11
Experimental / Suggested calling convention
« Last post by Jubatian on August 03, 2014, 09:43:35 PM »After quite a while of experimenting with the RRPGE CPU, maybe it is time to determine some useful calling conventions, that is, how function calls should be formatted, and how higher level languages may work with them.
Note that the specification lists instruction timings for the CPU, which will be relied upon here. Although I did not release how I sketched up the internal operation of the processor yet, it exists (defining a weakly pipelined construction), so these timings have some ground.
How functions work on this CPU
The RRPGE CPU defines specific opcodes for function call (JFA, JFR and JSV) which all work by the same base idea. They establish a new stack frame, and may also contain up to 16 function parameters as extension to the opcode. The function entry normally takes 9 cycles, then each parameter fetch another 4 cycles. Since when establishing the new stack frame, also involving pushing the return address, the number of parameters are not known, the return address will point at the first function parameter. No problem since the parameters can be formatted as NOPs, so the CPU simply skims over them again at an 1 cycle / instruction rate. So in total normally 5 cycles are taken for each parameter, which parameters will be accessible on the stack (simply by BP relative addressing) within the function body.
There is no way to manually build up a new stack frame, no push and pop, so this is the only way to do a function call. However it leaves many things not set in stone, which should be carved out to get a functional calling convention.
Components of a calling convention to consider
The way how the function must be called is defined above, however the following further details are left to the user program to work out:
Some more on the stack
After the JFL / JFA opcode, at the start of the function, the stack pointer (SP) is set up to point above the last parameter. This ensures that should anything happen (for example an interrupt using the user mode stack), the function's stack is not clobbered. When working with the stack, the stack pointer, if necessary, needs to be altered to keep this property (that it always points after the last used value).
Note that since the SP points after the last parameter on entry, it's value is the number of parameters passed to the function (SP is always to be interpreted BP relative). To acquire this value, an area is necessary to hold it, however unless clobbering something (such as one of the registers), such an area is not available.
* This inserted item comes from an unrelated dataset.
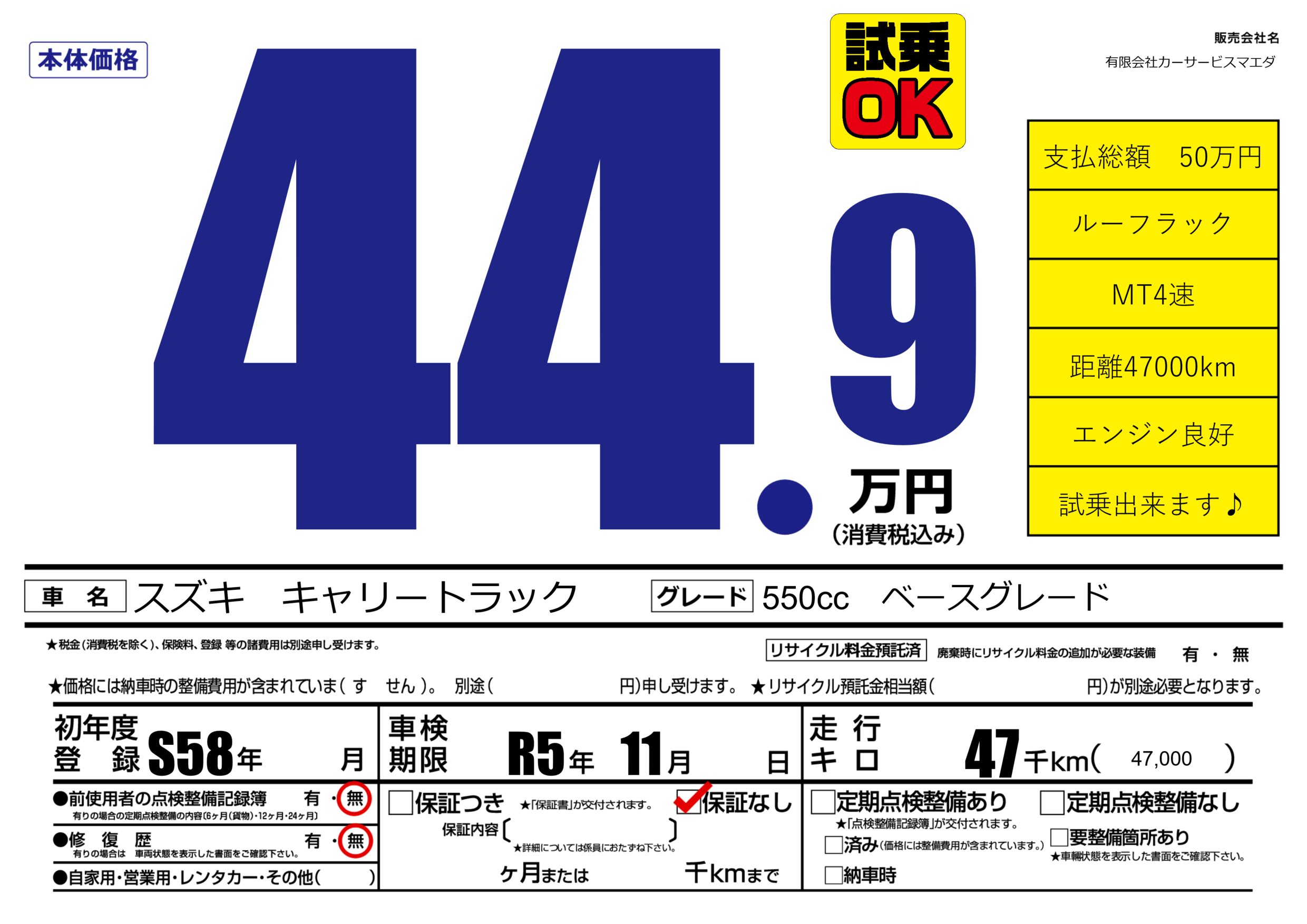 | 車名 | スズキ キャリートラック | グレード ミッション 排気量 |

This needs to be considered when designing the calling convention. Note however that normally for fixed parameter count functions, reading the SP may not be necessary at all.
What to clobber if anything: some notes on the CPU registers
The RRPGE CPU has 8 general purpose registers, which by use may be divided in 3 groups:
The role differences end here: apart from these, all 8 registers operate the same way, available in any operation the same way.
Allowing a register to be clobbered takes it away from the caller, while making the life of the function code easier (no need to save / restore it). The return value convention may also be taken in account when deciding what to permit for clobbering: obviously if the return is generated into a register, that register need not be preserved. The supervisor call specification may also be followed here which uses R3 and sometimes C for return.
Allowing clobbering C is a quite natural decision. Due to it's special purpose which only this register can fulfil, it is not very likely that it is viable to use it to hold values in long term, so the caller won't quite miss it if functions would trash it.
The pointer registers (X0 - X3) on the other hand are quite eligible for long-term uses, however their special role may also make it quite likely that they will be necessary in function bodies as well.
Should all parameters be passed in the call parameter list
As described above, a function parameter normally takes 5 cycles (4 cycles when passing, 1 cycle when skimming over after return). If the same parameter was passed in a register, it would take 3 cycles only, assuming the necessity of a simple MOV. Truly this is not a huge gain as an average instruction takes 4 cycles.
An another problem with passing parameters in registers that it potentially takes away registers from the caller, while unless a freely usable (clobber-able) register remains for the function, it would have problems with extracting the value of SP (for dealing with variable number of arguments).
Where to return
Since the management of stack frames is quite rigid by the RRPGE CPU, producing a return value on the stack is not possible. The only reasonable way to return is by using registers.
The supervisor calls are defined to use R3 and sometimes C to return. This might be followed, but may be deviated from as well. Using C for return is a quite natural choice since this register is also the easiest to miss by the caller (see above, at clobbering). However if it would be nice to give a pointer register for the function to work with (which is even necessary for supporting a high-level object-oriented language), using that for return is also something quite natural.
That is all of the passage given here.